In the ensuing decades, digital technology will revolutionize the global energy system, bringing forth increased connectivity, dependability, and sustainability. Massive data sets, pervasive connectivity, and advances in AI are opening up new commercial opportunities and applications.
Key Restraints for Energy Management Systems Market
Every industry seeks to reduce its expenditures on consumption. Energy management systems are needed to track the energy usage of various machinery and plants. While implementing it may result in significant long-term cost and energy savings, significant upfront investments are necessary.
The main issue with energy efficiency is that small and medium-sized enterprises around the world are largely unaware of it. They are reluctant to spend money on energy-saving devices and need to be made aware of the advantages and policies that energy management systems can help them achieve.

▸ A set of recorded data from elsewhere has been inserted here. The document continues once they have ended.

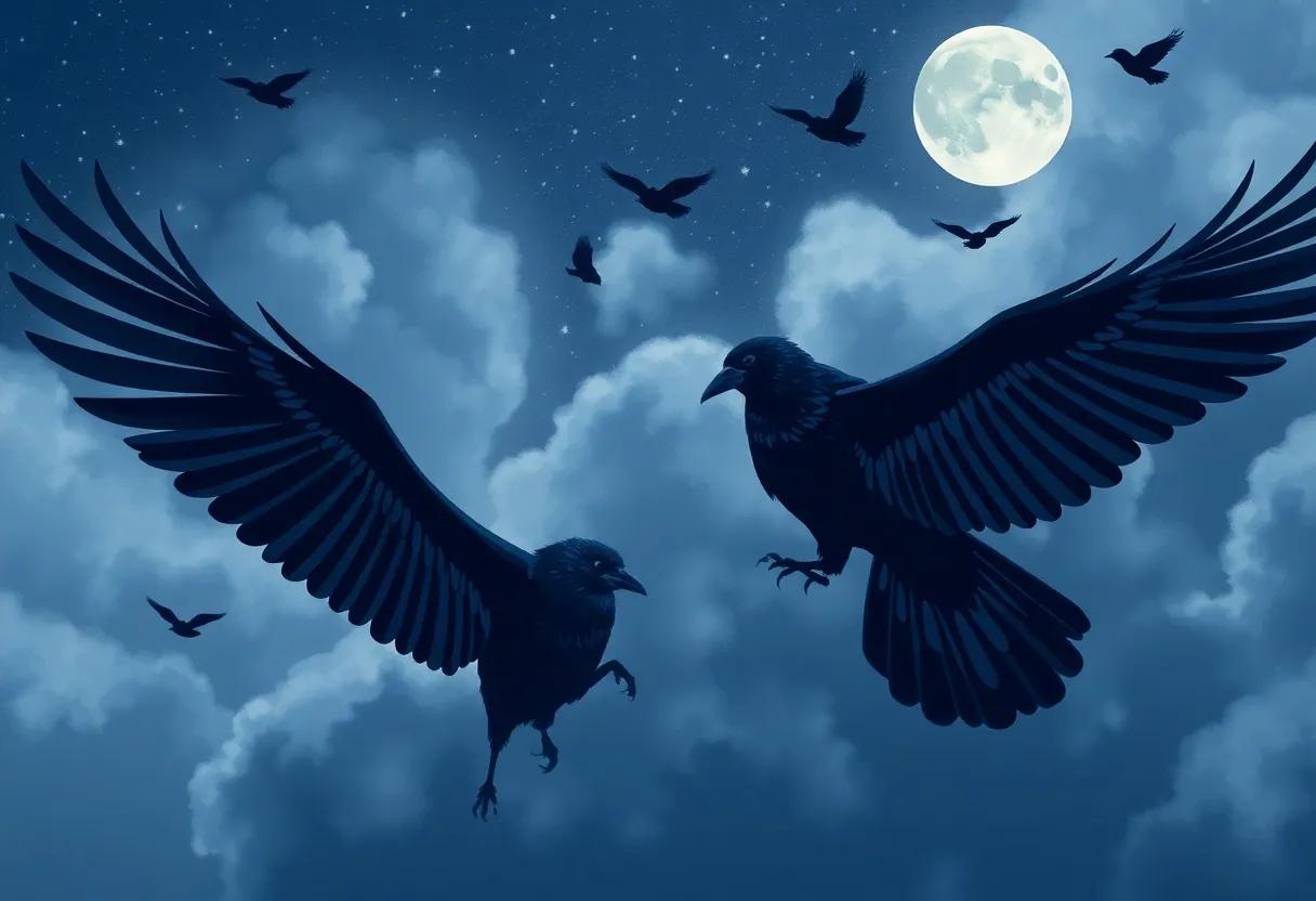 As the moon climbed high into the velvet sky, the forest awakened with a gentle chorus of rustling leaves and soft wingbeats. In the hush of the night, delicate whispers fluttered through the air, carried by the mysterious wings that danced silently between the trees. These wings belonged to a flock of enchanted crows, each feather shimmering with a faint silver glow under the starlight. They weren’t ordinary birds – they were guardians of secrets, messengers of dreams, and friends to the girl who had learned their language. With every soft caw, the crows shared tales of wonder and whispers of magic, weaving stories only the bravest hearts could understand.
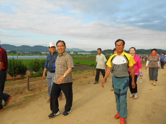 법수면건강위원회가 주관하고 함안군보건소가 후원한 이날 행사는 건강체조를 시작으로 법수공원에서 출발해 악양둑방길로 이어지는 왕복 4㎞ 구간을 걸었다.
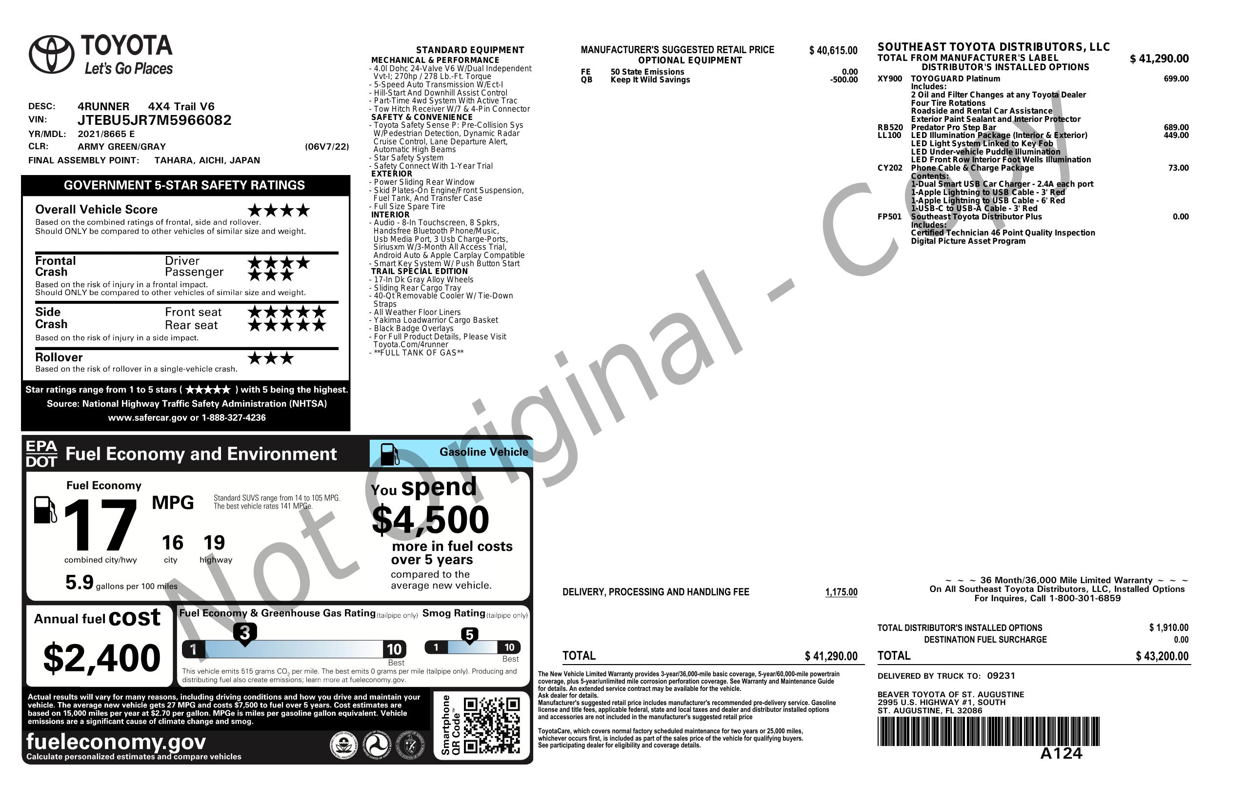 2021 Toyota 4 Runner 4 Wd (Natl)
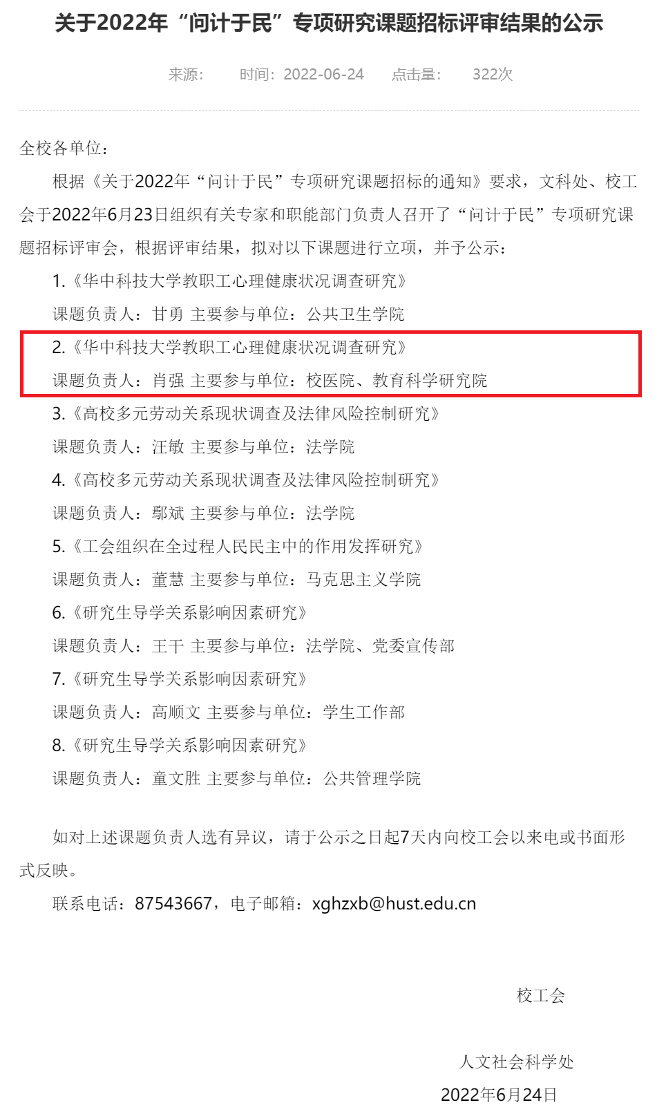 近日,华中科技大学工会委员会公布了2022年“问计于民”专项研究课题招标评审的结果。校医院申报的“教职工心理健康状况调查研究”项目成功立项!

Introduction of the Energy Management Systems Market
Power transmission system operation can be observed, evaluated, and optimized with the use of an EMS. Numerous sectors and EMS implementations use this system extensively. A surge in strategic investments to control energy usage has led to an increase in demand across public, commercial, residential, and industrial sectors of businesses. Regional governments all over the world have passed several rules and regulations to lower energy usage and raise public awareness of energy conservation. The EMS market is propelled forward by these laws and policies in sectors including the commercial, residential, and industrial ones. Governments in several nations are pursuing decarbonization, which entails many procedures. Many nations have implemented or are in the process of implementing energy consumption and carbon footprint reduction guidelines and rules in response to the sharp increase in carbon emission rates. Reducing carbon footprints at a reasonable cost can be achieved through efficient energy utilization.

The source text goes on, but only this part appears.